From this evidence, coupled with the video footage, a reasonable jury could have inferred that Fergerson’s tolerance for alcohol minimized any impairment from his BAC level and thus concluded that his intoxication was not a proximate cause of his injuries. [Footnote omitted.] Thus, because the video footage and other evidence allow for multiple, reasonable inferences about Fergerson’s conduct and the cause of his fall, we cannot conclude that IndyGo established he was contributorily negligent as a matter of law.
We likewise cannot conclude that the evidence leads to a sole inference that Fergerson’s conduct constituted negligence per se under Indiana Code sections 9-21-17-5 or 7.1-5-1-6. Section 9-21-17-5 prohibits pedestrians from “suddenly leav[ing] a curb or other place of safety” and walking or running into the path of a vehicle “that is so close as to constitute an immediate hazard.” I.C. § 9-21-17-5. The video footage permits a reasonable inference that Fergerson did not suddenly leave the curb by walking or running into the path of the bus.
Section 7.1-5-1-6, on the other hand, prohibits a person from being intoxicated when using public transportation and requires that the person’s intoxication endangered their own life…

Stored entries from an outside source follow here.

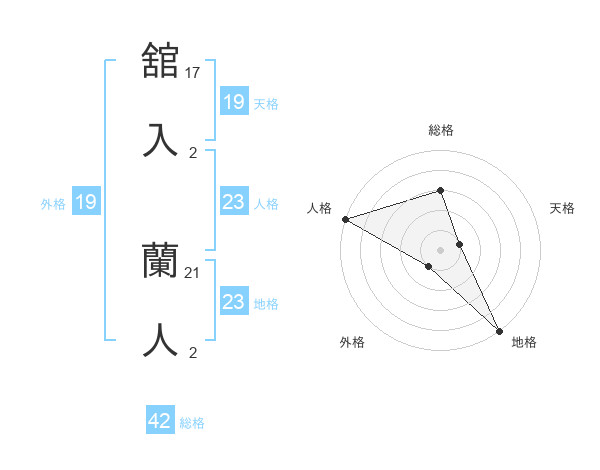 舘入 蘭人さんの外格は19画の1点!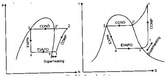 Represent subcooling and superheating on P-h and T-S diagram in refrigeration also give its effect on C.O.P. of refrigeration.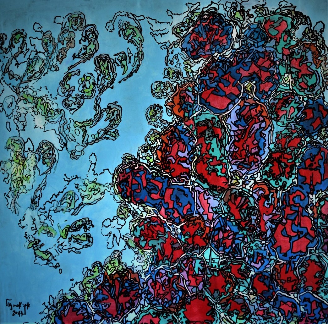 אוסף ציוריי אקרילק וטכניקה מעורבת על בד.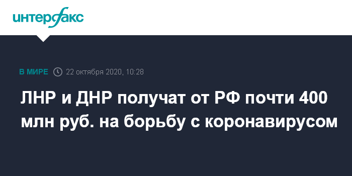 Москва. 22 октября. INTERFAX.RU - Самопровозглашенные Донецкая и Луганская народные республики получат от России медицинскую помощь для сдерживания коронавирусной инфекции на сумму почти в 400 млн рублей.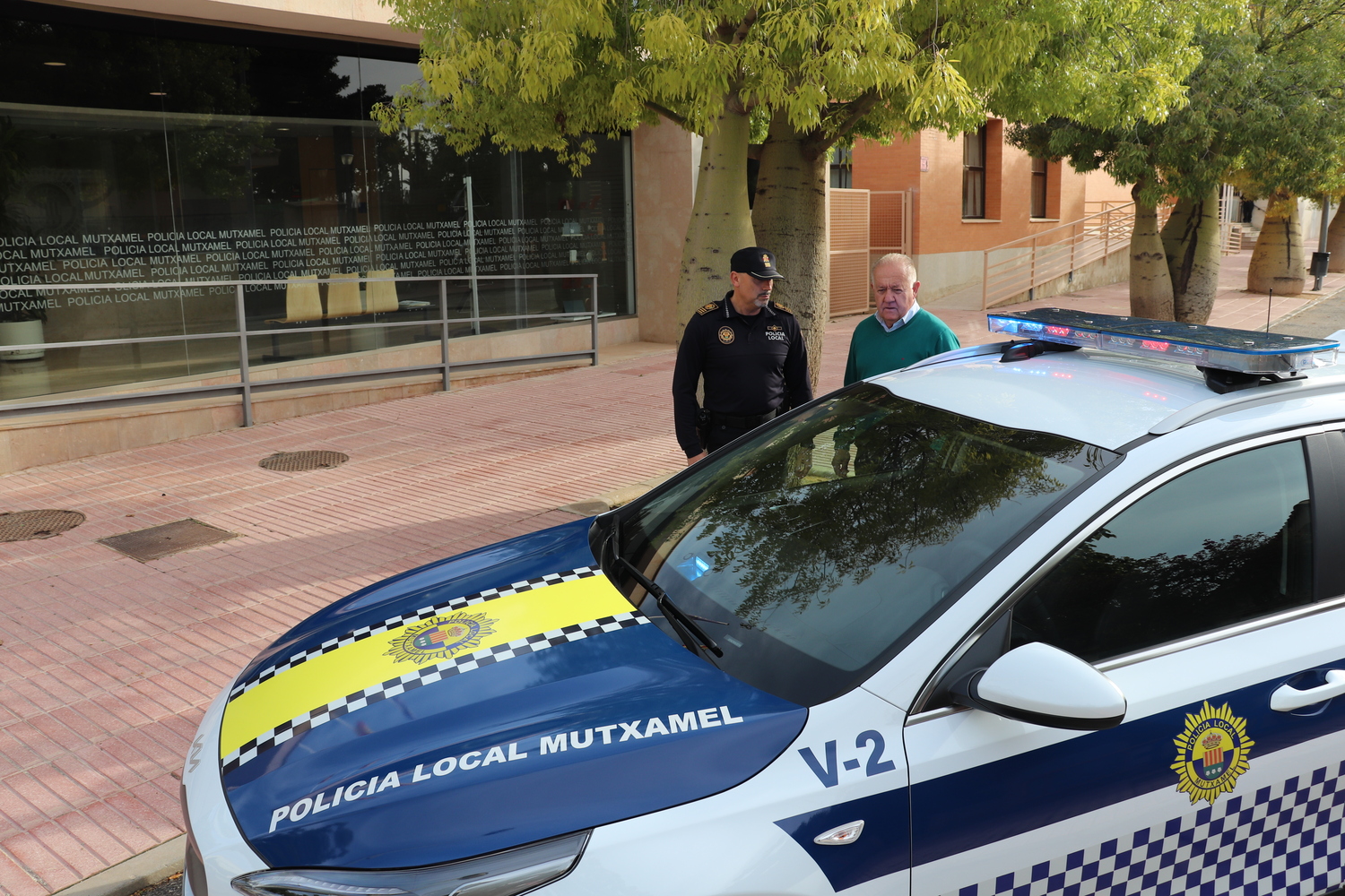 El intendente jefe de la Policía local, Carlos Pomares, ha dado a conocer esta mañana al alcalde de Mutxamel y concejal de Seguridad Ciudadana, Sebastián Cañadas, las características del vehículo, marca KIA, dotado con todos los elementos y distintivos luminosos necesarios para realizar los servicios asignados a los agentes locales.

To be sure, this is a close case. But our role is not to stand in the place of the factfinder. Instead, we are confined to determining whether, considering the evidence in the light most favorable to the Estate, the only reasonable inference is that Fergerson was contributorily negligent. On this record, we cannot reach that conclusion. Six jurors, who were the most attentive and asked the most questions either party’s attorney had ever seen, did not find that Fergerson was contributorily negligent. And that jury was properly instructed on contributory negligence and the two statutes on which IndyGo relied, which we presume the jury followed. Weisheit v. State, 26 N.E.3d 3, 20 (Ind. 2015). Additionally, both the trial court and a judge of our Court of Appeals found that IndyGo did not establish Fergerson was contributorily negligent as a matter of law. Because the evidence presented to the jury does not support a sole inference to the contrary, we cannot find these conclusions unreasonable.
Conclusion
For the reasons provided above, we affirm the trial court’s denial of IndyGo’s motion to correct error.
Goff and Molter, JJ., concur.
Slaughter, J., dissents with separate opinion in which Massa, J., joins.
Slaughter, J., dissenting.
I respectfully dissent. I would either deny transfer, letting the court of appeals’ opinion stand, or reverse the trial court’s judgment and remand with instructions to enter judgment for IndyGo.